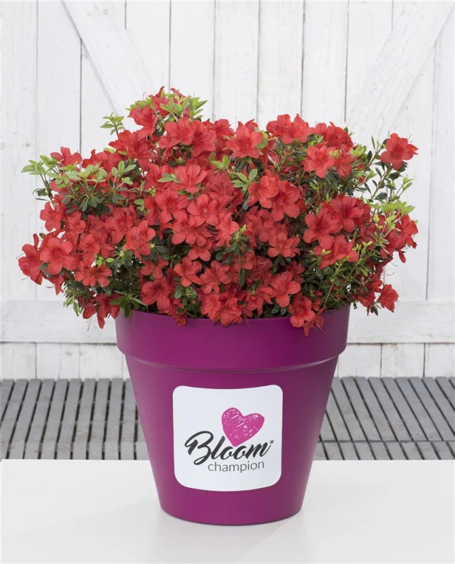 Dauerblühende Azalee ‚BloomChampion Red‘ ist ein aufrecht und gedrungen wachsender Kleinstrauch. Sie erreicht gewöhnlich eine Höhe von 0,5 – 1,5 m und wird ca. 0,5 – 1,5 m breit.
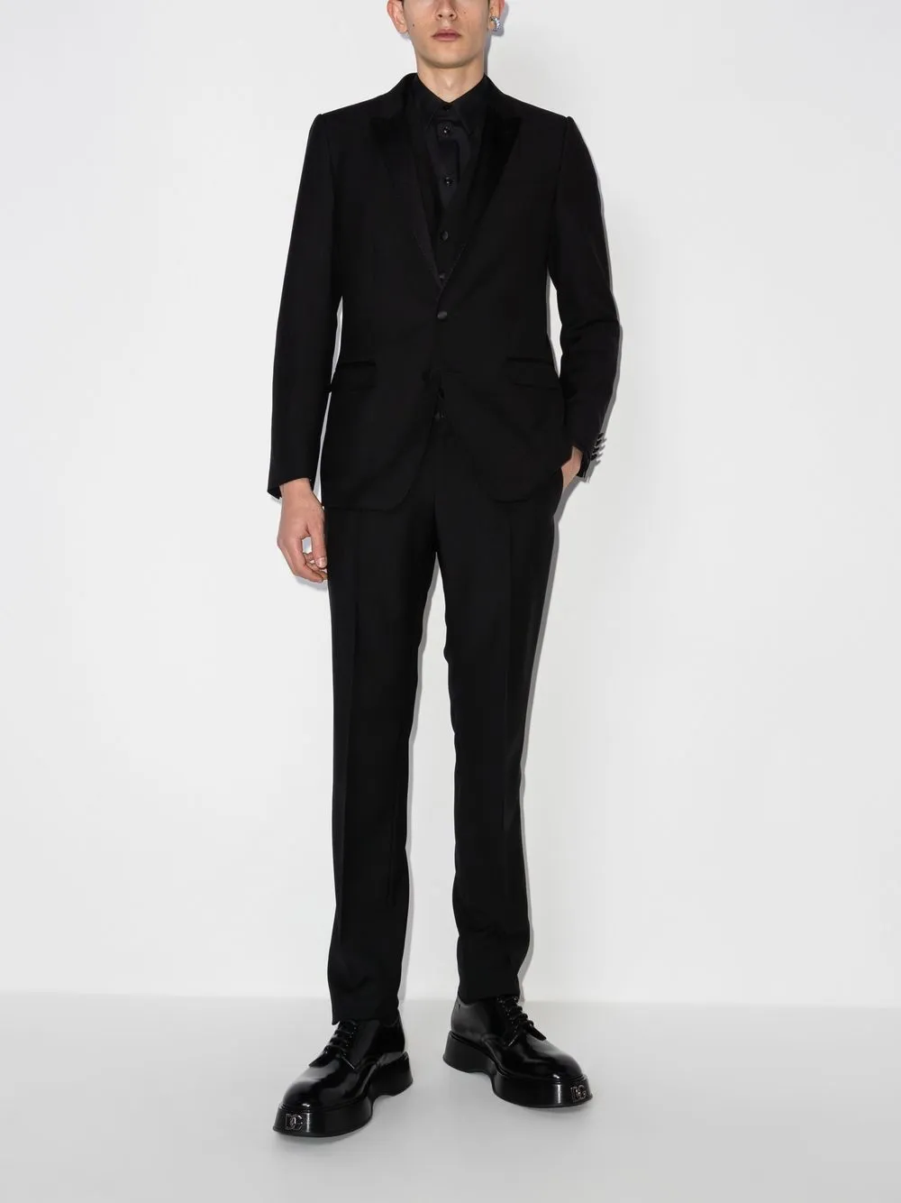 Строгий крой, заостренные лацканы, прорезной карман на груди, длинные рукава, манжеты на пуговицах, застежка на пуговицах спереди, передние карманы с клапаном, шлица по центру сзади, застежка на пуговицах спереди, без рукавов, два передних кармана с листочкой, петли для ремня, потайная застежка спереди, два прорезных кармана по бокам, два кармана с листочкой сзади и стрелки. Цвет: черный.
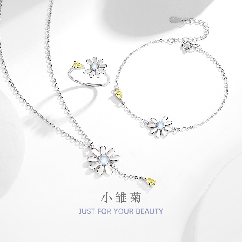Daisy Sterling Silver 925 Necklace Set Female Niche Design Entry Luxury Sunflower Bracelet ins Glazed Stone Ring
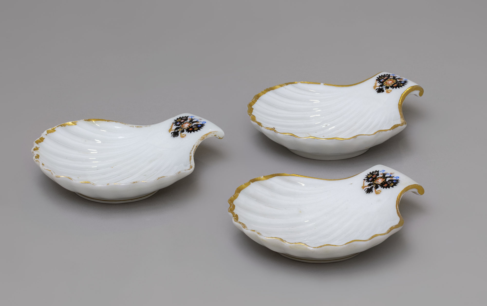Икорницы — лотки для рыбной икры — на Императорском фарфоровом заводе чаще всего выполнялись в форме раковины морского гребешка и универсально дополняли парадные сервизы разных форм и декоров. Вероятно, для выполнения срочного заказа на комплектацию «Коронационного сервиза» 1883 года использовались в том числе «раковины» из кладовых готового фарфорового «белья», маркированные подглазурно монограммой императора Александра II.
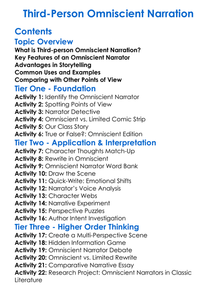 Third-Person Omniscient Narration Worksheet Activity Booklet
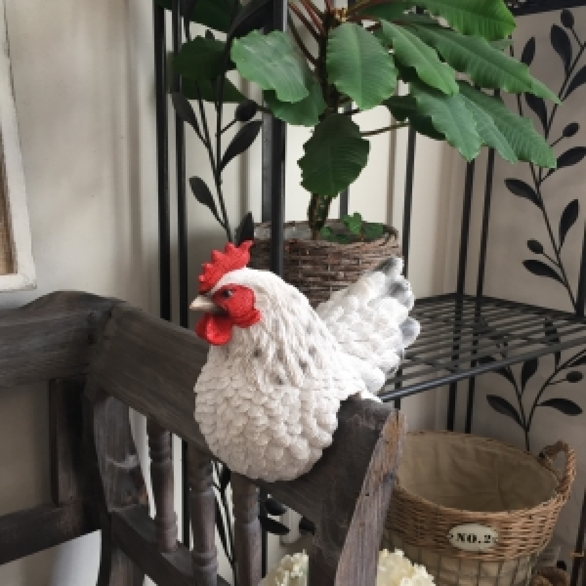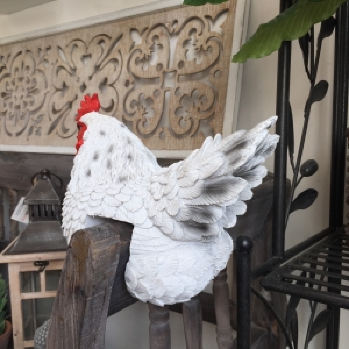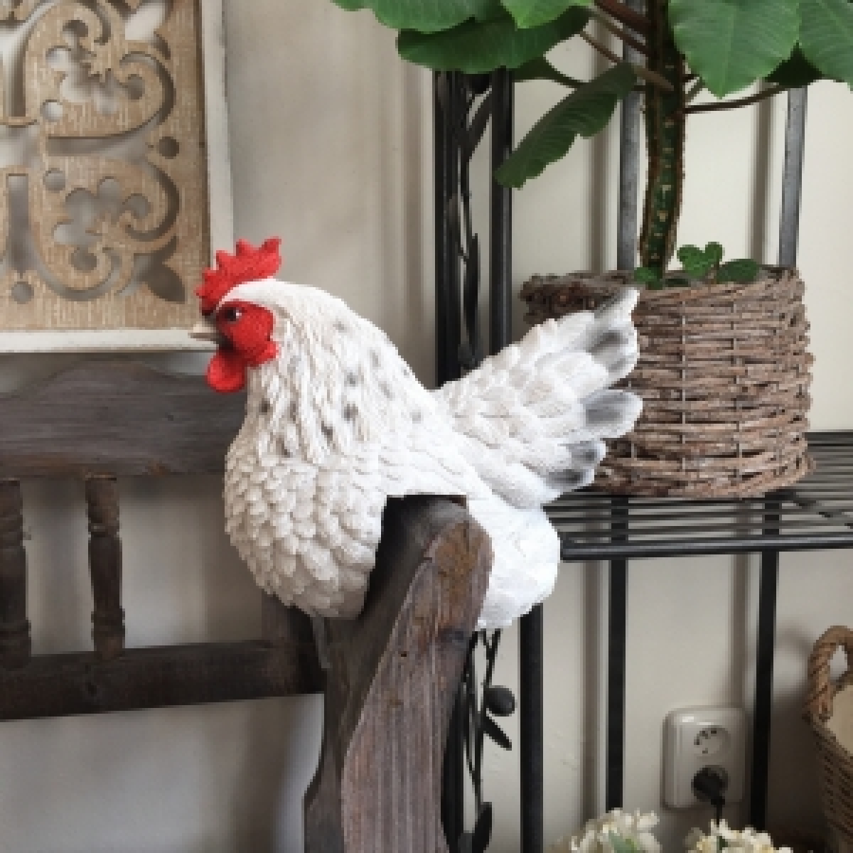 Zahradní dekorace slepice na plot bílá - vyřazeno

========================

### PROBLEM DESCRIPTION
All entries above must be printed again verbatim, with images excluded.

### SOLUTION TO THE EXERCISE
 Dauerblühende Azalee ‚BloomChampion Red‘ ist ein aufrecht und gedrungen wachsender Kleinstrauch. Sie erreicht gewöhnlich eine Höhe von 0,5 – 1,5 m und wird ca. 0,5 – 1,5 m breit.
 Строгий крой, заостренные лацканы, прорезной карман на груди, длинные рукава, манжеты на пуговицах, застежка на пуговицах спереди, передние карманы с клапаном, шлица по центру сзади, застежка на пуговицах спереди, без рукавов, два передних кармана с листочкой, петли для ремня, потайная застежка спереди, два прорезных кармана по бокам, два кармана с листочкой сзади и стрелки. Цвет: черный.
Daisy Sterling Silver 925 Necklace Set Female Niche Design Entry Luxury Sunflower Bracelet ins Glazed Stone Ring
Икорницы — лотки для рыбной икры — на Императорском фарфоровом заводе чаще всего выполнялись в форме раковины морского гребешка и универсально дополняли парадные сервизы разных форм и декоров. Вероятно, для выполнения срочного заказа на комплектацию «Коронационного сервиза» 1883 года использовались в том числе «раковины» из кладовых готового фарфорового «белья», маркированные подглазурно монограммой императора Александра II.
 Third-Person Omniscient Narration Worksheet Activity Booklet
 Zahradní dekorace slepice na plot bílá - vyřazeno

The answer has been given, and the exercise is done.